Mystras fell into ruins, its churches looted by
whomever (In 1863 the dome of the Aphendiko collapsed when some bright light tried
to steal the columns supporting it!). The city was officially abandoned in 1832
when King Otto rebuilt Sparta and everyone moved back down to the valley floor.
In a way, Mystras’ story had come full circle.
Mystras Today
In 1952 all
properties were expropriated by the state. It was only left for its fortress,
palaces and churches to become a World Heritage Site in 1989. The ruins are
extensive and quite beautiful. The video
below is a short thumbnail sketch of the site and shows just how lovely it is.

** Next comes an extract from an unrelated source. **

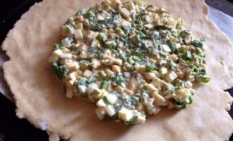Тесто раскатать толщиной 0,5 cм, в центр выложить начинку.

I wish that some of the houses had been rebuilt
instead of only the palace and churches.
Those ghosts I mentioned at the beginning are so shy. The site allows us
to see pretty clearly what Mystras
was, but, for me at least, the how it was
is still tantalizingly elusive. I once wrote that how future generations
interpreted ancient Sparta, was something of a Rorschach test – revealing more
about the onlooker than the picture presented. Maybe it is the Laconian
atmosphere, but that seems to me to be true of Mystras as well.
It titillates and fascinates as it draws you
up and down its narrow lanes, it invites endless speculation about the way
things were, but in the end it simply refuses
to give up all of its secrets.
Footnote
(1) Despotat is often spelled Despotate but Google seems to manage. This Despotat ( my choice) was called the Despotat of the Morea meaning the entire Peloponnese but it only managed to cover that area for a brief moment in time.